The total number of participants in all studies was 23,595, with ages ranging from 33.6 ± 7 to 66.7 ± 9.2 years, including 1834 patients with TIDM and 21,761 patients with TIIDM [54,55,56,57,58,59,61,62]. All studies divided participants into two groups, except the 2015 Diabetes Prevention Program Research Group et al. [57] study, which randomized participants into two intervention groups and one control group.

3.4.3. Interventions and Comparisons

Interventions included drugs such as liraglutide [53] for the reduction in the neuroinflammatory component that appears in DPN in patients with TIDM, intensive glucose control with a glycosylated hemoglobin (HbA1c) < 6% in the case of patients with TIDM [15], or in patients with TIIDM [55,62]. Another strategy employed was the comparison of insulin-sensitizing treatments and insulin-providing treatments for standard glycemic control in patients with TIIDM [60]. Moderate aerobic exercise was evaluated in two of the included articles [54,61], as well as cycling [59]. The most employed intervention among the included studies was the promotion of a healthy lifestyle through education, medication for the control of diabetes and cardiovascular risk factors in addition to diet in patients with TIIDM [56,57,58]. Comparisons were made with placebo [53,57], standard recommendations for diabetes care [60,62], maintaining usual physical activity level [59,61], diabetes education focused on exercise and diet control [56].

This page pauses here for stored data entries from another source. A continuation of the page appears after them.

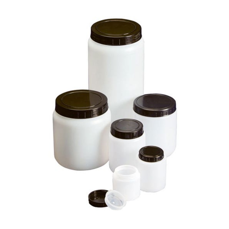A round jar with screw cap and sealing plug. Made from HDPE. The pack quantity is 1.
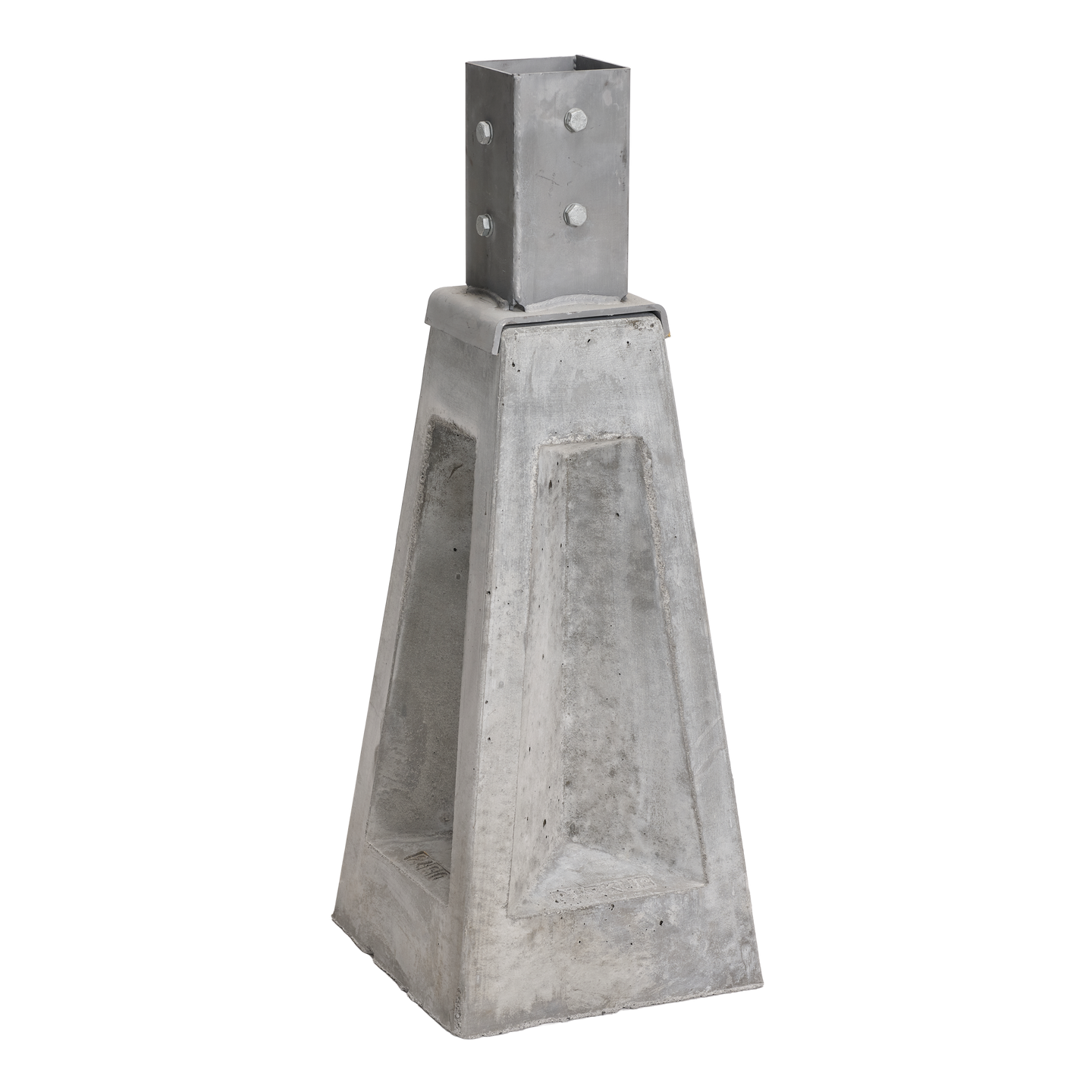 Undirstaðan er grafinn og ofan á henni er skór sem er með niðurbeygðar hliðar til að passa að staurinn snúist ekki í vindi. Það fylgja festingar til að festa skóinn á undirstöðuna og einnig til að festa staurinn í skóinn.
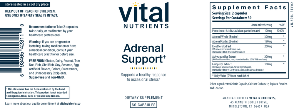 Adrenal Support is a combination of whole adrenal, adrenal cortex and adaptogenic herbs that nutritionally support the adrenal glands.The formula includes Ashwagandha Root extract to help maintain balanced levels of adrenal hormones and promote a general sense of well-being. The formula also includes Pantothenic Acid (vitamin B5), which is an important cofactor for macronutrient metabolism and hormone synthesis. The ingredients in Adrenal Support work together to enhance the body's ability to produce certain adrenal hormones, which helps support the immune system and relieve mild stress and frustration.
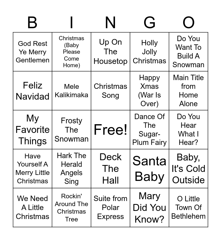 This bingo card has a free space and 64 words: 12 Days Of Christmas, All I Want For Christmas Is My Two Front Teeth, All I Want For Christmas Is You, Baby, It's Cold Outside, Carol Of The Bells, Chipmunk Song (Christmas Don't Be Late), Christmas (Baby Please Come Home), Christmas Canon, Christmas Song, Christmas Time Is Here, Deck The Hall, Ding Dong Merrily On High, Do You Hear What I Hear?, Do You Want To Build A Snowman, (Everybody's Waitin' For) The Man With The Bag, Feliz Navidad, Frosty The Snowman, God Rest Ye Merry Gentlemen, Grandma Got Run Over By A Reindeer, Happy Xmas (War Is Over), Hark The Herald Angels Sing, Have Yourself A Merry Little Christmas, Holly Jolly Christmas, I Saw Three Ships, It's Beginning To Look Like Christmas, It's The Most Wondeful Time Of The Year, I Want a Hippopotomus for Christmas, Jingle Bell Rock, Jingle Bells, Joy To The World, Last Christmas, Let It Snow! Let It Snow! Let It Snow!, Little Drummer Boy, Main Title from Elf, Main Title from Home Alone, We Need A Little Christmas, Marshmallow World, Mary Did You Know?, Mary's Boy Child, Mele Kalikimaka, My Favorite Things, Dance Of The Sugar-Plum Fairy, O Come, All Ye Faithful, O Come, O Come, Emmanuel, O Holy Night, O Little Town Of Bethlehem, Rockin' Around The Christmas Tree, Run Rudolph Run, Santa Baby, Santa Tell Me, Skating, Sleigh Ride, Suite from Polar Express, (There's No Place Like) Home For The Holidays, This Christmas, Underneath The Tree, Up On The Housetop, We Three Kings, Where Are You Christmas?, White Christmas, White Winter Hymnal, Winter Wonderland, Wonderful Christmastime and You're A Mean One, Mr. Grinch.
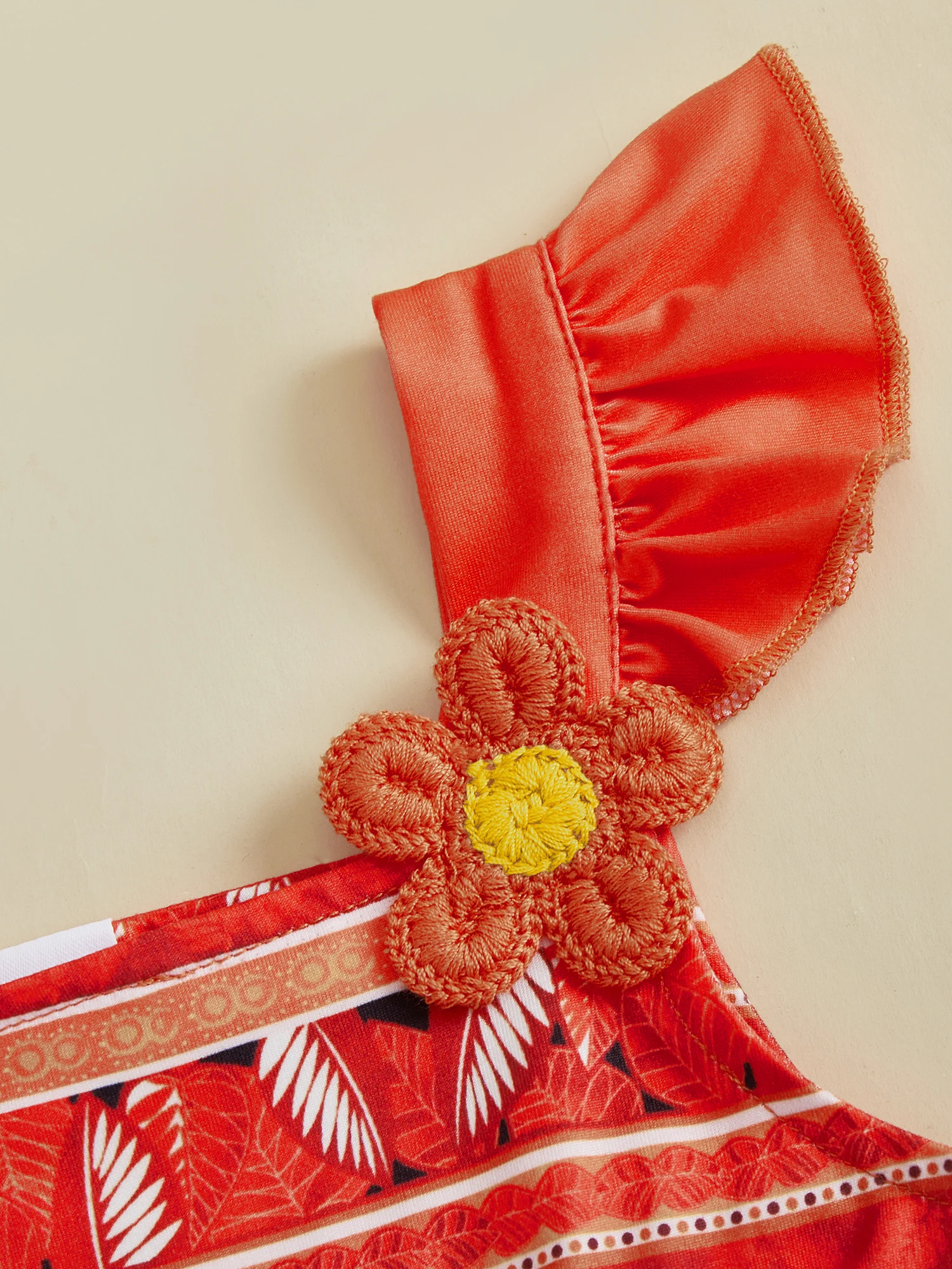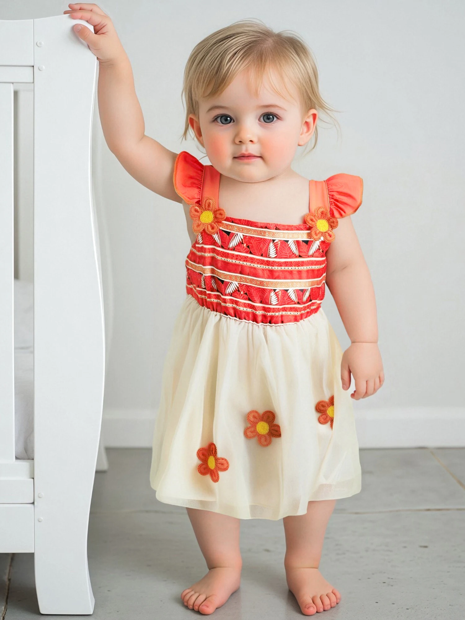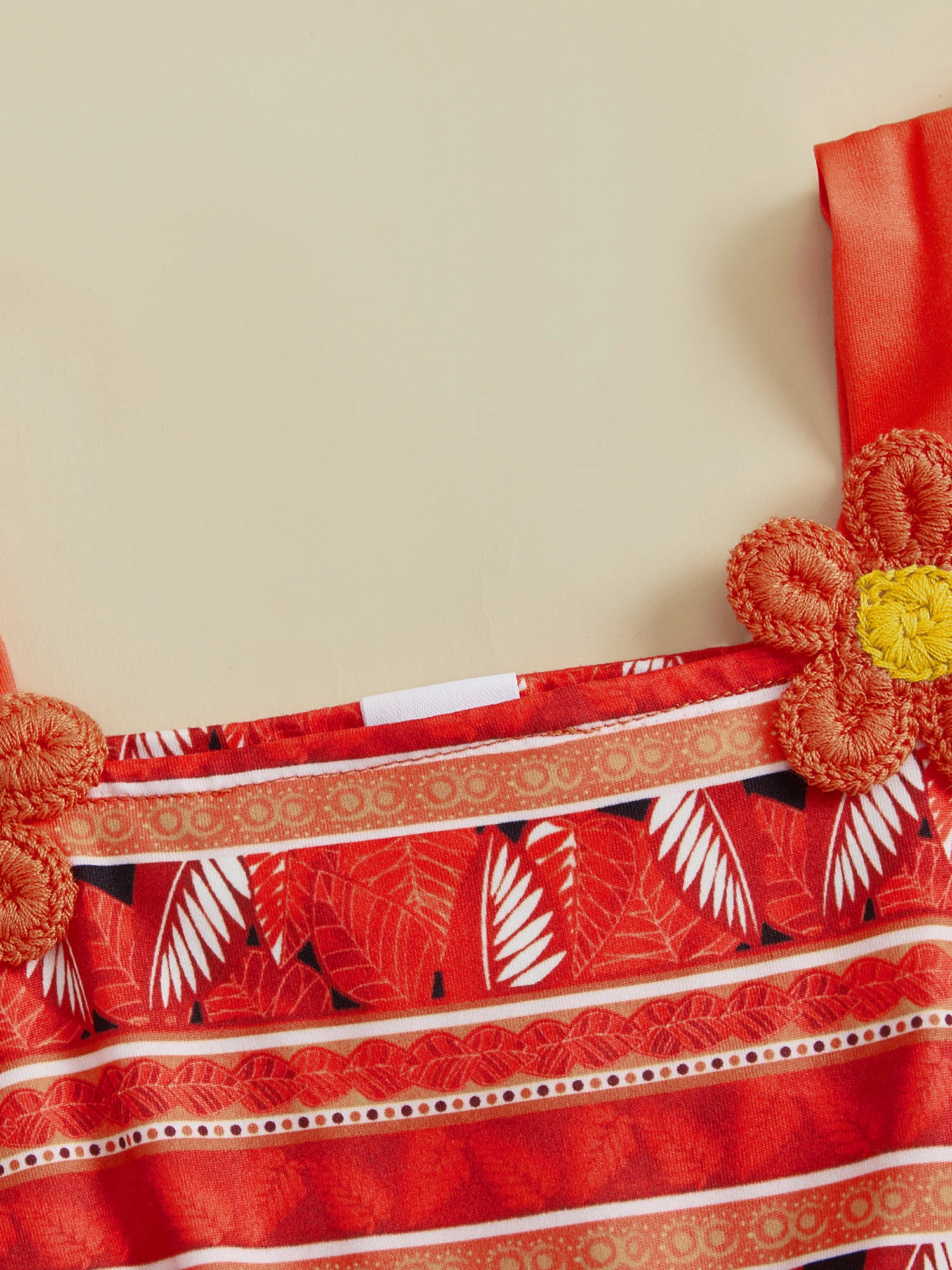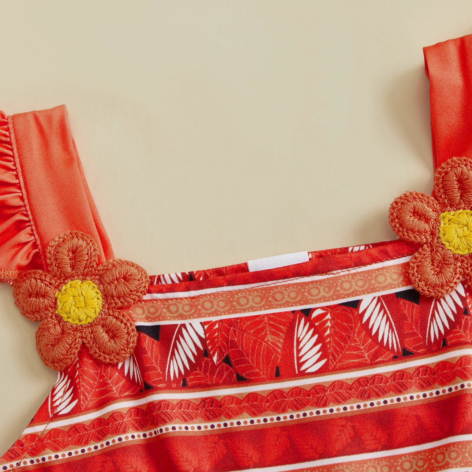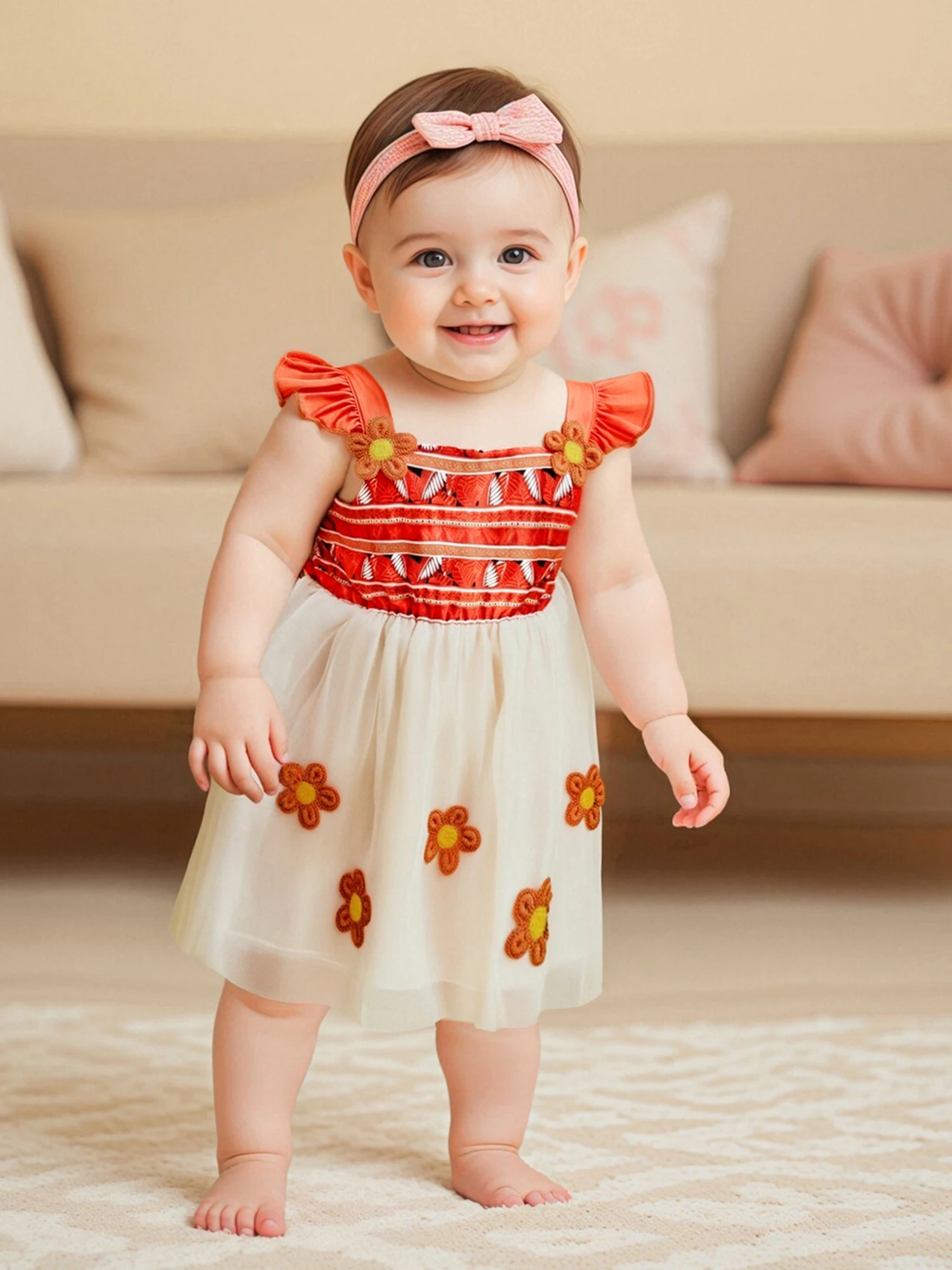 Vestido de verano para niña pequeña, vestido de retales de tul con flores en 3D sin mangas con estampado de hojas
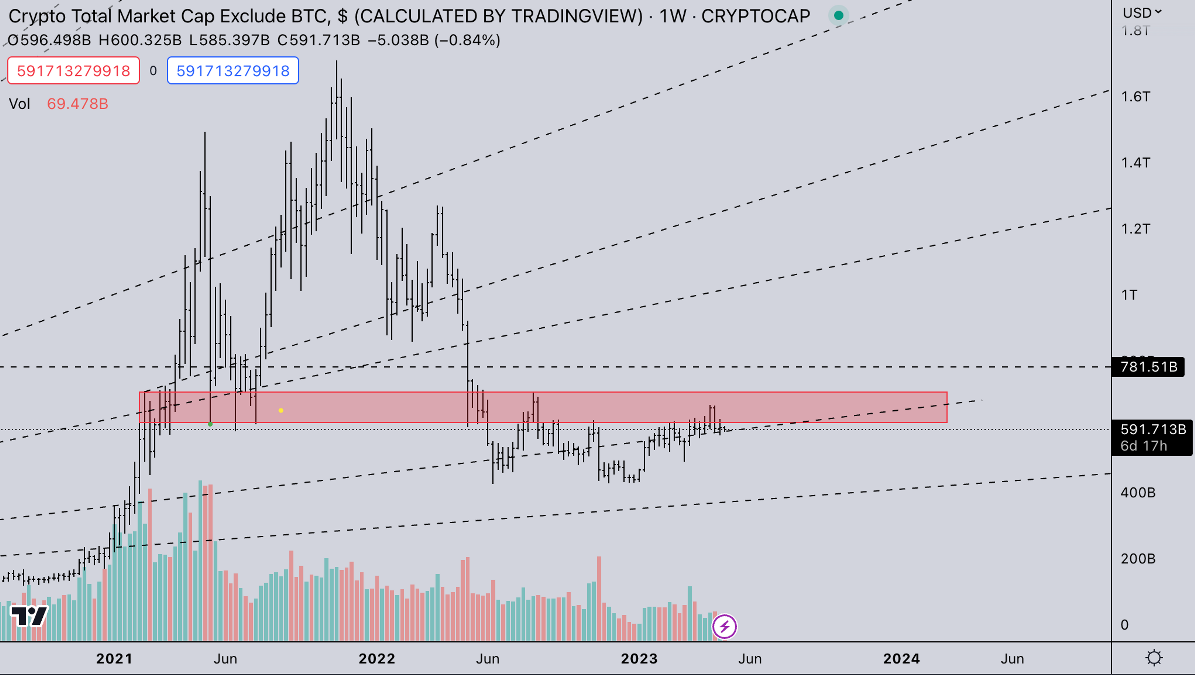 TOTAL2 is also stuck under the 2021 support. The price action is getting quite tight so we’d expect upticks in volatility soon.
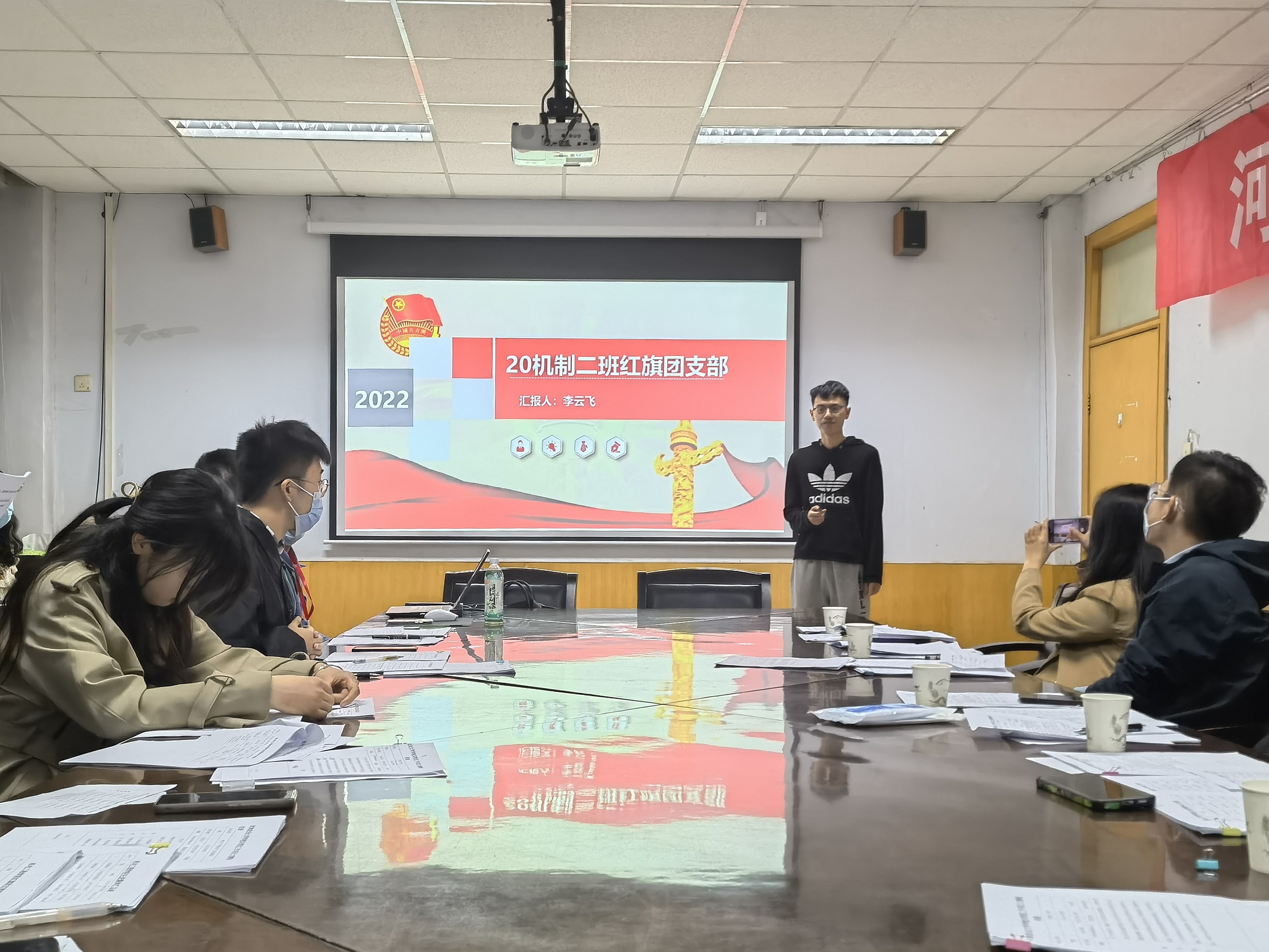 于文化路校区15号楼会议室开展先进集体、红旗团支部评选大会。年级辅导员王晓楠、徐佳亮出席此次会议,各优秀班集体代表参与此次会议。
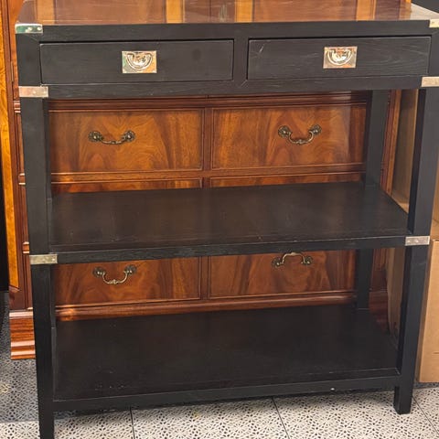 Byrån är i superfint skick, ovansidan har några små enstaka skavanker, mest under den svarta vasen till höger. Inget som stör eller syns om man ställer saker på. I annat fall kan ett lager färg på toppskivan lösa allt.
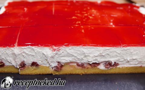 A tésztára kenjük rá egyenletesen a túrós krémet. A meggy levéből és a tortazseléből a csomagoláson található leírás alapján készítsünk piros zselét, majd langyosan öntük rá a sütire.
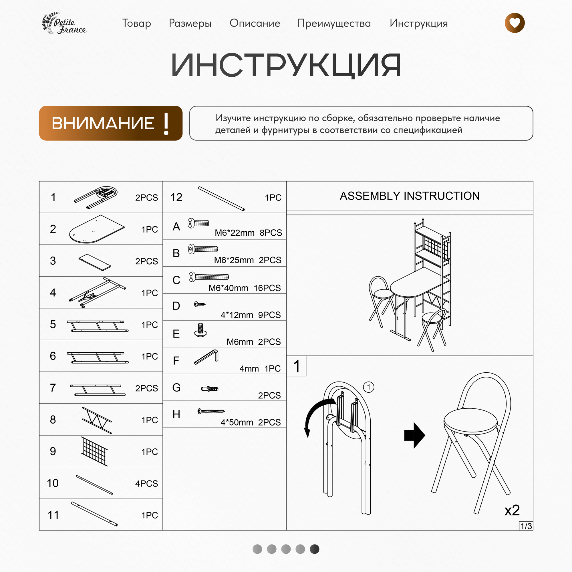 | Комплектация | Стол складной с вертикальными полками для хранения, 2 стула |
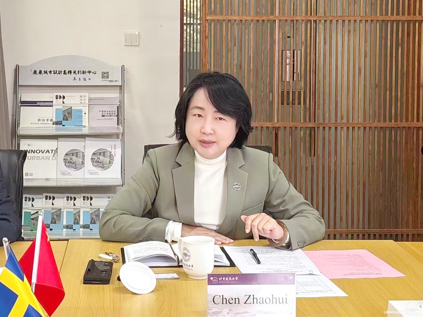 陈朝晖对瑞典驻华大使馆代表团一行表示热烈欢迎。她指出,瑞典高等教育体系素以创新性、开放性和高质量闻名,多所高校在建筑、设计、可持续发展等领域位居国际前沿。她希望以大使馆为桥梁,与瑞典皇家理工学院等优秀高校开展务实合作,共同加入学校发起成立的“一带一路”建筑类大学国际联盟和“鲁班书院”等平台,围绕合作办学、师生交流、科研合作等方向,探索创新路径,为促进中瑞乃至全球相关领域的协作贡献智慧与力量。

3.4.4. Analysis of Results

The presence of DPN was mainty evaluated. Other variables were taken into account, such as ankle arm index (AAI) [58,62], albuminuria and creatinine (nephropathy), fundus examinations [58] (retinopathy), glucose levels [59], oral glucose tolerance test [58], HbA1c [62], lower limb inspection [58], weight, body mass index (BMI), fat percentage [61], diagnosis of DM [57] or changes in intima media thickness and basal diameter of the superficial femoral artery [59]. In the case of neuropathy identification, the measurements used were nerve conduction velocity (NCV) studies [15,53,54,59,61], tests for vibration detection threshold assessment with a 128 Hz tuning fork, and light touch with the SW monofilament [58,62], and questionnaires such as the Michigan Diabetic Neuropatic Score (MDNS) [54,59] or the MNSI [55,56,60]. For all the results obtained in the studies, the significance level was p < 0.05.

3.4.5. Summary of Results

The drug liraglutide reduced the neuroinflammatory component interleukin-6 in adults with TIDM, but did not improve established DPN [53]. Intensive glycemic control significantly reduced the development of neuropathy in patients with TIDM, but this effect was not observed in patients with TIIDM [55]. Intensive lifestyle intervention in patients with TIIDM had negative effects in two of the studies [57,58], and positive effects in one [56]. Moderate-intensity aerobic exercise had a positive outcome for the improvement of established DPN and prevention in two of the included studies [54,61], as did cycling in patients with TIIDM [59]. Glycemic control therapy with insulin sensitizers significantly reduced the incidence of DPN compared with insulin-providing therapy, with more benefits for men [60]. The effect of glycemic control therapy with insulin sensitizers in patients with TIIDM was not observed [61,62].

4. Discussion

The aim of this systematic review was to determine which is the most effective preventive strategy to avoid or delay the appearance and/or development of DPN in patients with DM. Most studies seem to indicate that glycemic control is currently the most effective preventive strategy. Our literature search identified 11 studies examining patients with the variables related to diabetic neurophaties [15,53,54,55,56,57,58,59,60,61]. These aims were achieved in the review.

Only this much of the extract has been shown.